Güven 2017 yılında yapılacak çalışmaları anlattı
Güven, Büyükşehir Belediye Meclisi üyelerine 2017 yılında yapacakları çalışmalar hakkında da bilgi verdi. Arılı kovanı ve arıcılık malzemesinde mevcut arıcılara destek vermeye devam edeceklerini kaydeden Güven, 2017’de ’arı keki’ tesisini kuracaklarını, faselya bitkisini (arı otu) bütün Ankara’daki mevcut 700 arıcı ile Büyükşehir Belediyesinin desteklediği bin 600 arıcıya vereceklerini söyledi.
İstiridye mantarı seralarının tekrar ihalesini yapacaklarını ve toplam 5 adet istiridye mantarı serasını kadınlara yapmak istediklerini ifade eden Güven, “Güneş enerjisiyle sulama sistemleri üzerinde çalışıyoruz. Bal satışı ve diğer ürünler için kiosklar düşünüyoruz. Paketleme, doğrama, işleme tesisleri planlıyoruz. Polatlı’ya soğanla ilgili özel bir tesisimiz var, soğanı işleyecek, paketleyecek, konservesini yapacak. Beypazarı, Güdül ve Ayaş’ta havuçla uğraşana havucu işleyebilecek bir tesis kazandırıp, Ayaş Akkaya’da çok deforme olan havuç yıkama tesisini de yenileyeceğiz” dedi.
“Seracılığı teşvik edeceğiz”
Güven, seracılığı teşvik edeceklerini ve alçak kesimlerdeki ilçelere öncelik vereceklerini belirterek, projelerini şöyle özetledi:
“Gübre römorkuna önem veriyoruz.

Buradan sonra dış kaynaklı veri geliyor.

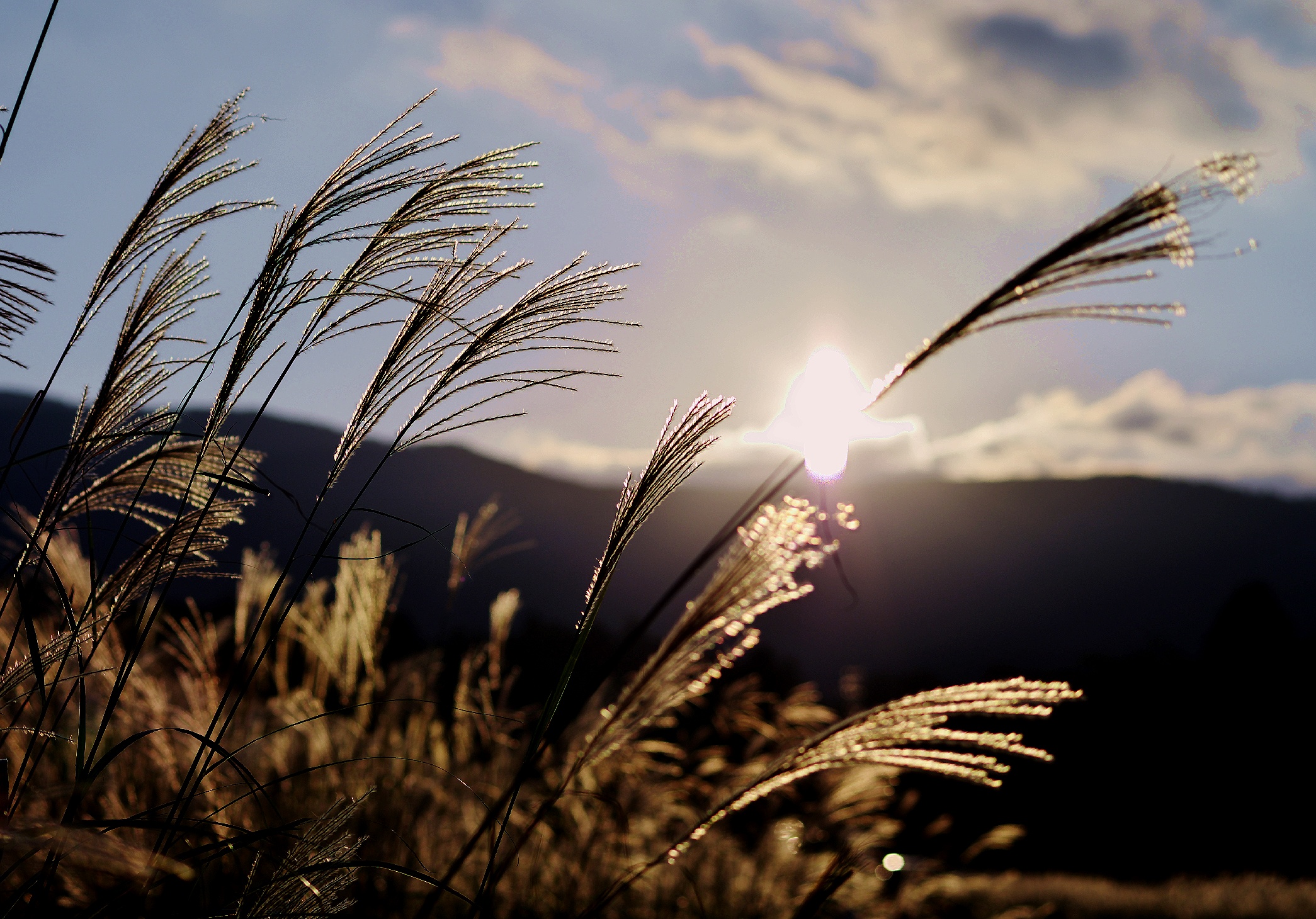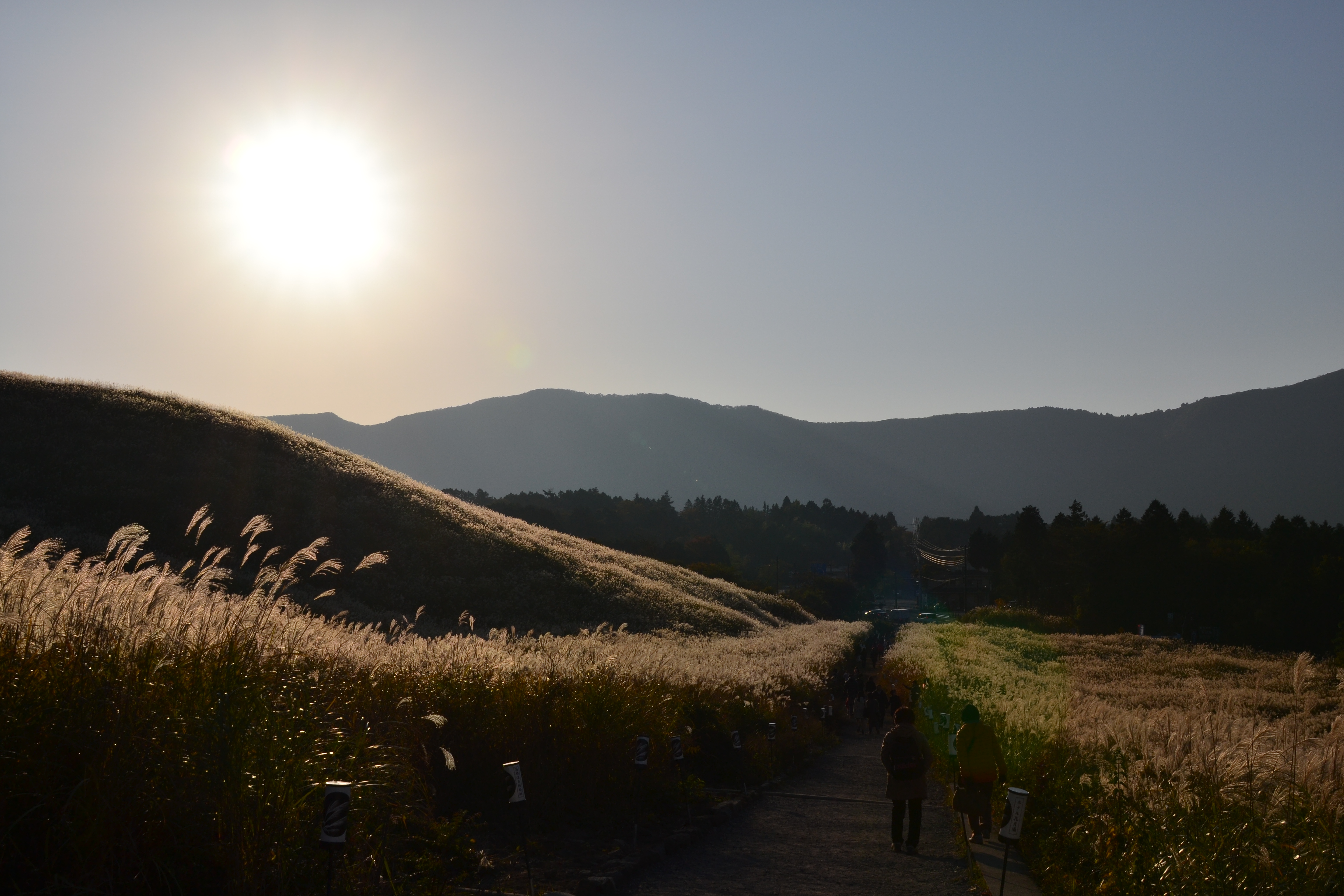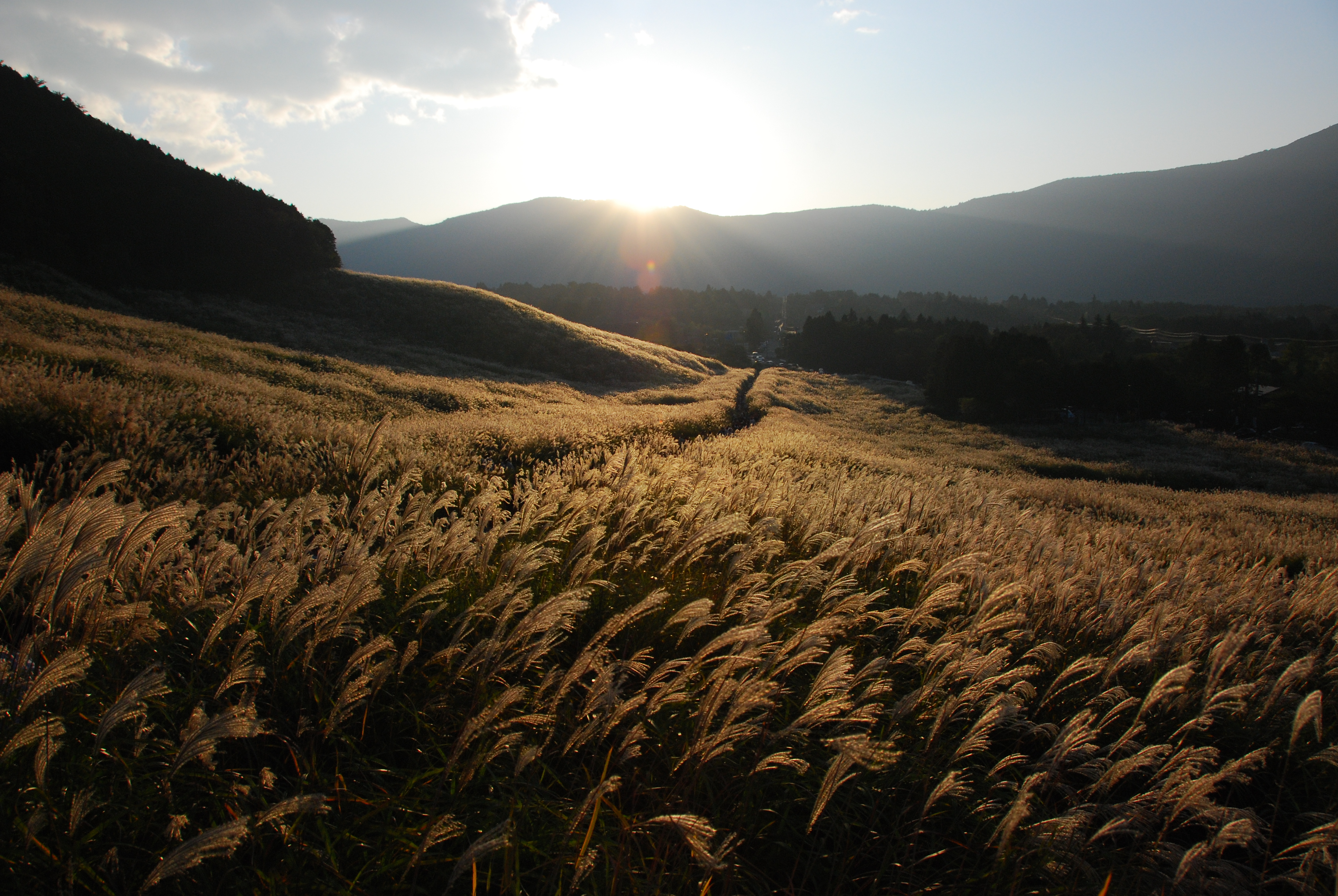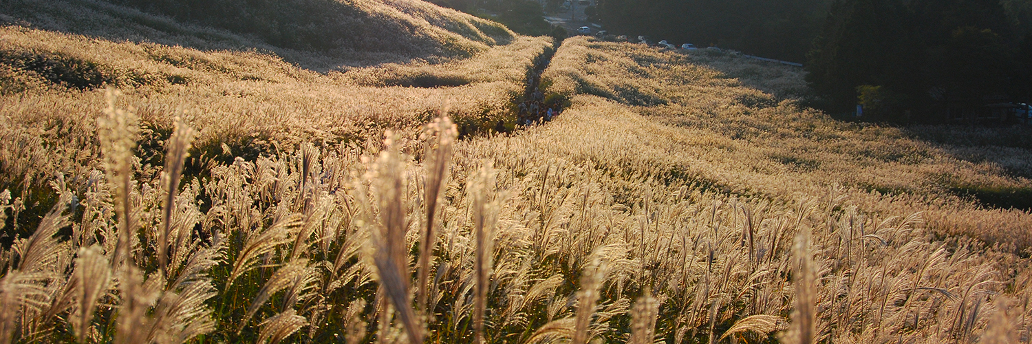 すすき草原は見頃を迎える秋以外にも、実は季節毎に見所がたくさん。美しさを保つため初春には山焼きが行われ、夏の間に見事な緑の絨毯をつくり、秋には銀色の穂が風に揺れ、10~11月にかけて山裾が徐々に黄金色から銀色に染まって行くのがゆっくりと楽しめます。
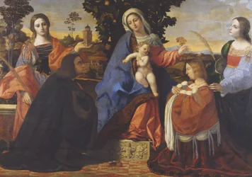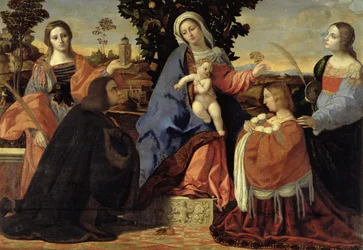 sacra conversazione · heiliger · madonna · kind · jungfrau maria · renaissance · feder · beten · anbetung · frucht · apfel · giustina · turm · spender · spender · heiliger · heiliger · Justine · Galleria Borghese, Rome, Italy / Bridgeman Images

Mobil koyun yıkama üniteleri getireceğiz. Toplam 10 adet koyun banyosu, mobil olarak ilçelere dağılacak. Hayvanlar teker teker havuza girip yüzerken ilaçlanmış ve hastalıklardan arınmış olacaklar. Bu da Türkiye’de bir ilk. Yöresel yemek yarışması planlıyoruz. Güneş enerjili kurutma sistemleri kurmak, serbest dolaşan tavukçulukta model oluşturmak istiyoruz. Kırkım Şampiyonası bu yıl Ankara’da Atatürk Kültür Merkezi’nde yapılacak. Erken uyarı sistemi ihale aşamasında, bu yıl teslim edilmiş olacak. Eğitim videosu planlıyoruz. Ürün biçme makinelerini bu yıl alıyoruz. Teke üretim tesisi planlıyoruz. Ankara Üniversitesi Ziraat Fakültesi ile birlikte proje hazırlıyoruz. Ücretsiz arazi tahsisi konusunda ilçelerimizden teklifler var. Tohum eleme tesisi sayısını artıracağız. Uygulamalı seracılık eğitimi vermek istiyoruz. Anaç koyun desteği devam edecek. Bağcılık konusunda projelerimiz var.”